◆ TRY IT
Starting from the line with "Kenzo holds steady" and going up to and including the line with "কিশোরগঞ্জে নিরাপদ সড়ক", copy the listing below exactly. Leave all images out.

◆ DATA PROVIDED
┏━━

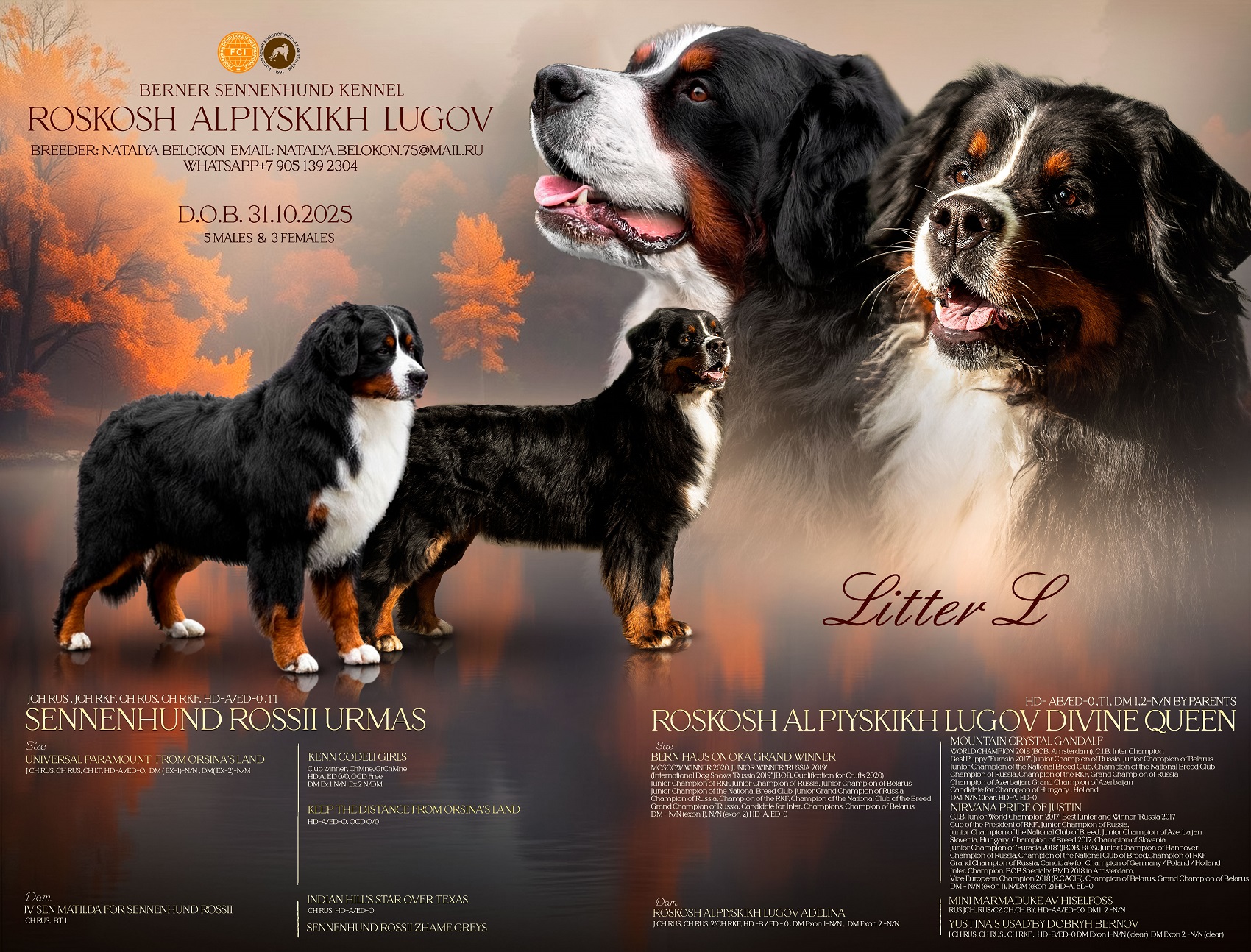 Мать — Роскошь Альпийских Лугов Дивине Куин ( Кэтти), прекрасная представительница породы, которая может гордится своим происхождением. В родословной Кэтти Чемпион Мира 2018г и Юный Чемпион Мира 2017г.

┗━━
┏━━

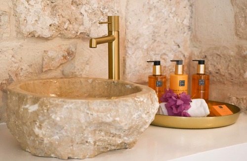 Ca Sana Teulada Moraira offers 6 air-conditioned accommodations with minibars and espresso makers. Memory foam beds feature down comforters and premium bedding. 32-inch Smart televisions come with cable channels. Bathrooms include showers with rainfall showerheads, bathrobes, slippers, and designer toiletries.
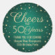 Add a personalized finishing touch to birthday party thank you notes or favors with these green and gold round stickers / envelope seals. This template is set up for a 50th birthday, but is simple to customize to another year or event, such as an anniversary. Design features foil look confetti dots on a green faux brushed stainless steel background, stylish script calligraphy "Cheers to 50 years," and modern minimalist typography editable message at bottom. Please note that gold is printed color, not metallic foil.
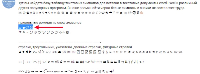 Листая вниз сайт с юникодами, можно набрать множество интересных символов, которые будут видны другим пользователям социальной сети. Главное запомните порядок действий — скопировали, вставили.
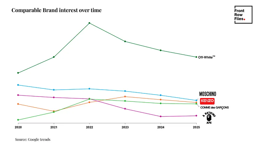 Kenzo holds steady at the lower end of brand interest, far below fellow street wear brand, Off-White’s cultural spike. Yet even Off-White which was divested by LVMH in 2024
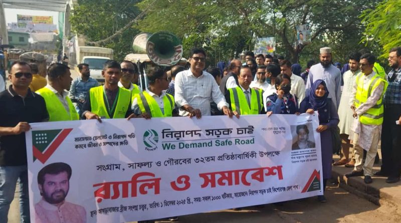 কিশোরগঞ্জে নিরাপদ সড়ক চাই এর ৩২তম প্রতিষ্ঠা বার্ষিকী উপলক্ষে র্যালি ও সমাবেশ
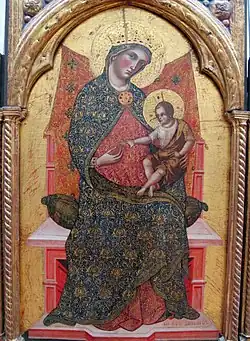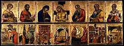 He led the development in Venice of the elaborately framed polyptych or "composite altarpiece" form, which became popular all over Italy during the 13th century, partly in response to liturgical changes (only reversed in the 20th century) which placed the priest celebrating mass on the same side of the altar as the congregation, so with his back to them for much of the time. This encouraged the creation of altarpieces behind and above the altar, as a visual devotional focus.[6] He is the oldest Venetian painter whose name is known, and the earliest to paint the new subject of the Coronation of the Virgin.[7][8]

┗━━

◆ SOLUTION TO THE PROBLEM
 Kenzo holds steady at the lower end of brand interest, far below fellow street wear brand, Off-White’s cultural spike. Yet even Off-White which was divested by LVMH in 2024
 কিশোরগঞ্জে নিরাপদ সড়ক চাই এর ৩২তম প্রতিষ্ঠা বার্ষিকী উপলক্ষে র্যালি ও সমাবেশ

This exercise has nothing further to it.